Страшно ли мне? — страница 30 из 31

Этот покой, эта тишина. Они такие болтливые. С террасы смотрю на море, и сегодня опять полная луна. Звезды так близко, и мне кажется, что их на этом валлийском небе больше, чем где-нибудь еще. И ласковый шум моря. Его опасная притягательность.

«По грязи и мху к морю. Из дома».

Проститься и принять приглашение моря. В море. Так замкнется жизненный крут.

*

Мне немного неловко. Нет, не немного. Очень неловко. Хорошо еще, что мои монологи никому’ не известны. Никто их не слышал. Мне самой перед собой неловко, как подумаю, что я стояла у моря, и мне казалось, что море меня призывает к себе. Я была уверена, что оно меня действительно зовет. И это непреодолимое желание сейчас, сейчас шагнуть в воду, и конец всему в одно мгновение. Не от отчаяния, а от того, что жизнь слишком долгая. Не одна. Их была тысяча. Может быть, еще больше. Больше. Совершенно точно. Но ведь я знаю, и, наверное, это тоже удержало меня на берегу. Я знаю, что просто мгновенно бы поплыла.

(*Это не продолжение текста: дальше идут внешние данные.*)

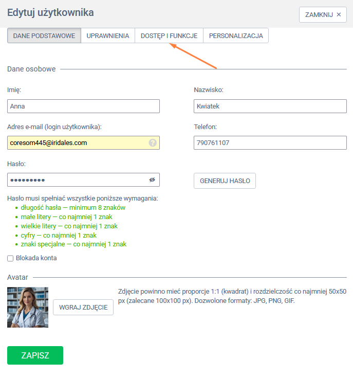 3. Przejdź do zakładki „Dostęp i funkcje”.

Еще раз, возможно, последний. Это «возможно, последний» меня все время преследует. То есть, еще раз, неважно, в последний или нет, еду вдоль реки, где мама едва не утонула, а потом стою на берегу другой реки, той, через которую по ночам переправляли раненых. С недавних пор эти истории меня не отпускают. Я думаю о красной юбке Марии, о маме, навсегда похоронившей здесь нежность, об отце, который свой героизм называл не иначе, как дуростью. За что я ему и сегодня благодарна.

Еду мимо цыганского поселка и вспоминаю, как почти каждую субботу кто-то бежал по улице с криком: «Цыгане едут, цыгане!»

А потом еще следующий: «Цыгане едут, цыгане!»

Словно играли в испорченный телефон. Мы, дети, от них прятались. Много лет спустя мы узнали, что это были не цыгане, а жители Резни, приезжавшие в Любляну на своих трехколесных колымагах, они лудили горшки, точили ножи и ножницы, чинили зонты. А мы-то каждую субботу прятались от цыган. За это время мало что изменилось. Вот только резьяне больше не приезжают в Любляну, и думаю, что цыгане тоже не часто сюда наведываются.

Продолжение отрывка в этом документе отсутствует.